---- Materials provided

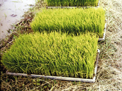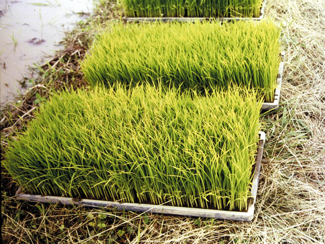 | 苗床。機械を使って田植えができるように一定の箱の大きさで苗を育てる。
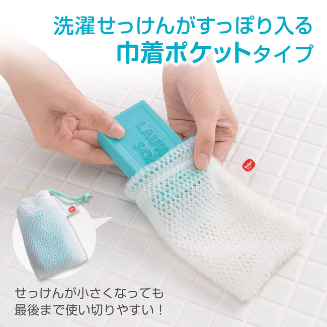 せっけんが小さくなっても最後まで使い切りやすい巾着ポケットタイプです。
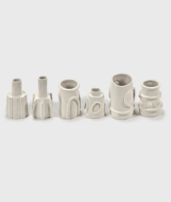 Kleine Serax Aardewerk Vazen, Ontworpen Door Marie Michielssen. Set Van 6 Stuks. Uitgevoerd In Gebroken Wit, Mat Aan De Buitenkant, Geglazuurd Aan De Binnenkant. De Molly Vazen En Potten Zijn Een Grafische Blikvanger In Elk Interieur. De Vazen Worden Met De Hand Afgewerkt, Waardoor Ieder Stuk Uniek Is. Afmeting: L 6,5 B 5 H 11 Cm.
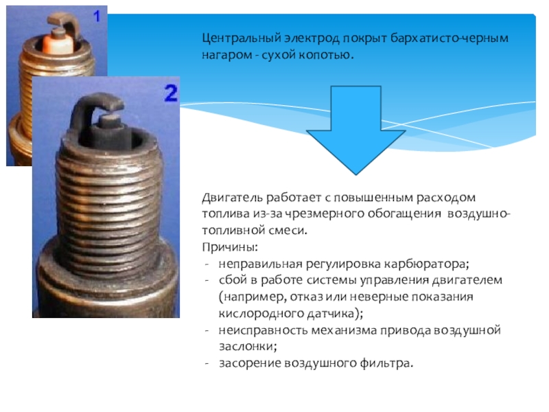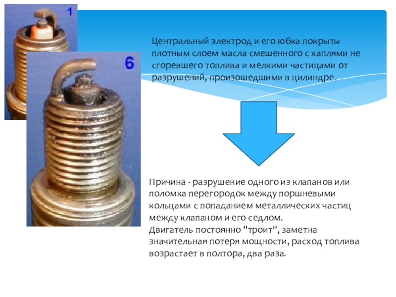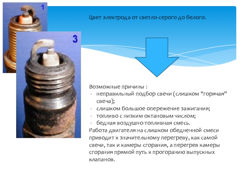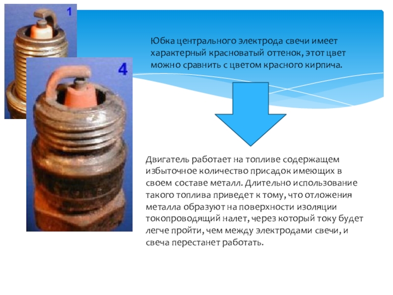 Двигатель работает на топливе содержащем избыточное количество присадок имеющих в своем составе металл. Длительно использование такого топлива приведет к тому, что отложения металла образуют на поверхности изоляции токопроводящий налет, через который току будет легче пройти, чем между электродами свечи, и свеча перестанет работать.
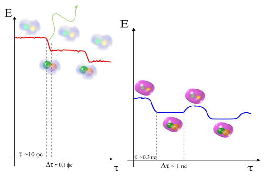 Эволюция плазмоидной наночастицы — это цепь фемтосекундных стадий квантового когерентного неадиабатического движения наночастицы с краткими аттосекундными адиабатическими сбоями когерентности. Как показано на Рис.9, двухстадийные механизмы релаксации имеют место и в биосистемных ферментативно-каталитических процессах. Эта формальная аналогия ступенчатых эволюций позволяет ввести концептуальное понятие «биомиметической» эволюции плазмоидной наночастицы.

--------

Return the entries above exactly as they appear. Pictures should not be copied.

 | 苗床。機械を使って田植えができるように一定の箱の大きさで苗を育てる。
 せっけんが小さくなっても最後まで使い切りやすい巾着ポケットタイプです。
 Kleine Serax Aardewerk Vazen, Ontworpen Door Marie Michielssen. Set Van 6 Stuks. Uitgevoerd In Gebroken Wit, Mat Aan De Buitenkant, Geglazuurd Aan De Binnenkant. De Molly Vazen En Potten Zijn Een Grafische Blikvanger In Elk Interieur. De Vazen Worden Met De Hand Afgewerkt, Waardoor Ieder Stuk Uniek Is. Afmeting: L 6,5 B 5 H 11 Cm.
 Двигатель работает на топливе содержащем избыточное количество присадок имеющих в своем составе металл. Длительно использование такого топлива приведет к тому, что отложения металла образуют на поверхности изоляции токопроводящий налет, через который току будет легче пройти, чем между электродами свечи, и свеча перестанет работать.
 Эволюция плазмоидной наночастицы — это цепь фемтосекундных стадий квантового когерентного неадиабатического движения наночастицы с краткими аттосекундными адиабатическими сбоями когерентности. Как показано на Рис.9, двухстадийные механизмы релаксации имеют место и в биосистемных ферментативно-каталитических процессах. Эта формальная аналогия ступенчатых эволюций позволяет ввести концептуальное понятие «биомиметической» эволюции плазмоидной наночастицы.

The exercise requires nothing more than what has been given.